Our tour guide introduced me to an Australian Aborigine concept; the Aborigine believed that one’s spirit is connected to the land that they are born. They could never understand how the English traveled thousands of miles to live in a foreign land, thereby never really estimating their need to “conquer” their land.
I have heard similar stories from my paternal grandmother, my Dadi, how she believed that her soul was connected with her land of birth in Kumilla. Even though she lived in Dhaka for most of her life, I have heard the fond stories about her parents’ home in rural Bangladesh.
For many of us, living in lands far away from where we were born, such a statement – sentiment, is both unsettling and disturbing; we search for meaning in the land where we live, but parts of us remain connected to where we were born.
Does this mean that our spirits are fractured? Distributed into many little spirits? Or is it simply that our spirits have lost connection with mother Earth?
Since these are almost impossible questions to answer, using rational facts and figures, one must develop their own hypothesis – paradigm – to give meaning to our existence. One may look at this as another form of rationalization (to fit our needs).
In this lifetime, I believe, I have experienced five different births.
Of course, there is the physical birth. But it feels as if I was re-born the day I stepped foot in the United States and made this my new home. The day we married, my life took on another new dimension; the day each of our children were born, I became a new person.
Maybe that’s why, I feel happy in all these birthplaces that my life: Columbia, Missouri; Oshkosh, Wisconsin; Toledo, Ohio and Denver, Colorado – in addition to Dhaka, Bangladesh.

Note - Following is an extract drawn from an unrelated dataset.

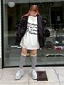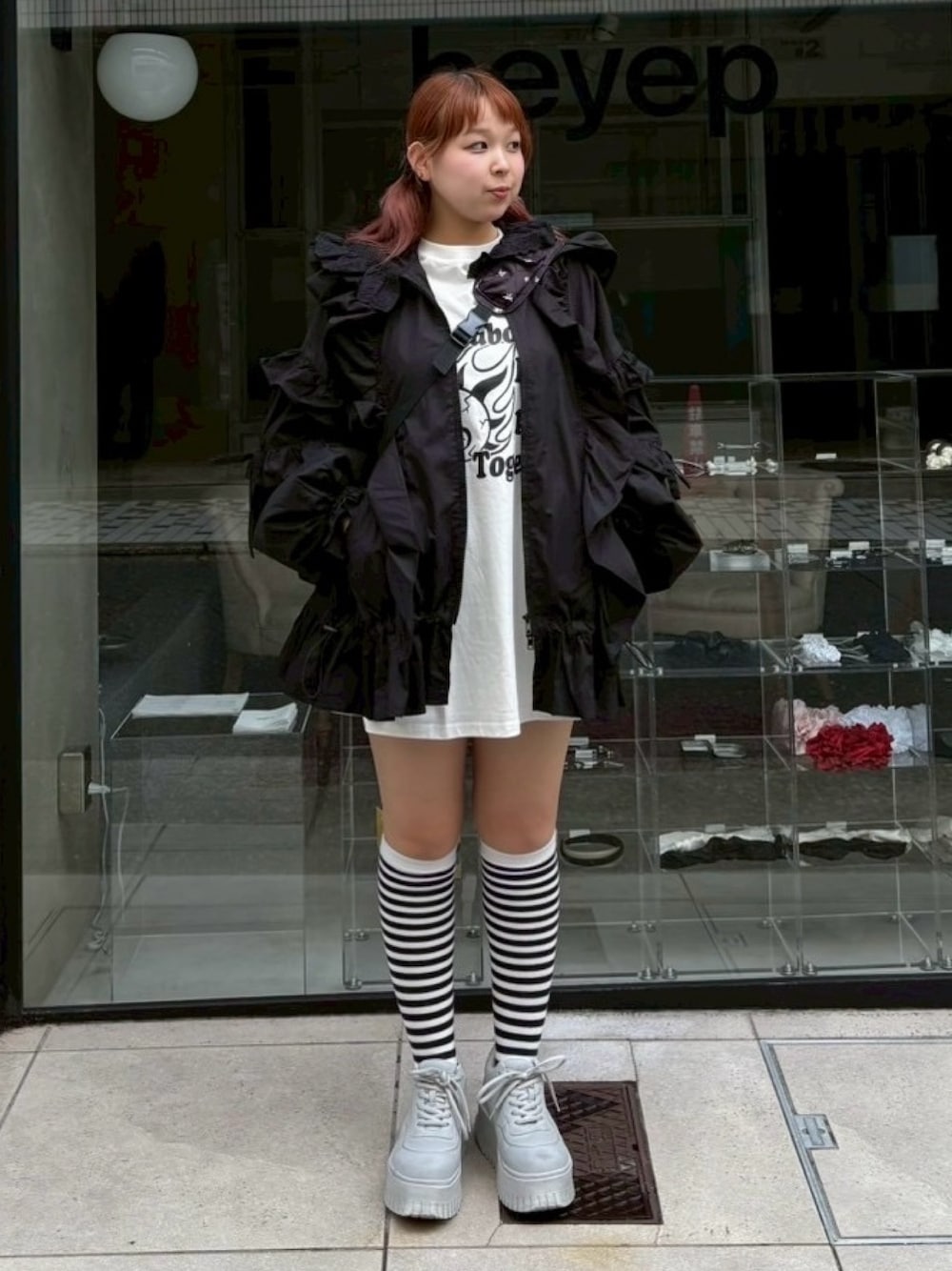 フード付きブルゾンにラグラントップスと 花柄のショルダーバッグを合わせた レイヤードスタイル★ Candy Stripper名古屋店/太田/156cm

My soul is connected to all these places.
Recently, I had the opportunity to visit Columbia, Missouri – after almost ten years. On the sunny fall morning, as I drove by Cramer Hall, or walked into Brady Commons, my heart beat faster. I could see myself walking with a backpack, exploring my new gift of life. Like a child learning to play with a new set of blocks. I was instantly happy.
It’s amazing, how life turns, like a river, in different angles, sometimes abruptly – others, modestly – very rarely with a strategic plan of its own.
Fractured or not, distributed or not, my spirit has been enriched by its five re-births . Like the meandering river of life, my spirit maybe enriched by the dry air of Denver or the moist rainfall of the Erie – the calm of Lake Winnebago or the simplicity of the Missouri.
I could not have planned the journey of my traveling spirit. I just happened to be there, as the river of my life turned in one direction or another.
It’s difficult to project where exactly this river will meet the ocean; so far, I have been fortunate by its different turns, in beautiful places – surrounded by friends and family that care. When that day arrives, today or tomorrow, I pray, the many layers of my spirit are nourished by the smells, sights, friendships and melodies of its many births and transcends peacefully to (at least) its five places of birth.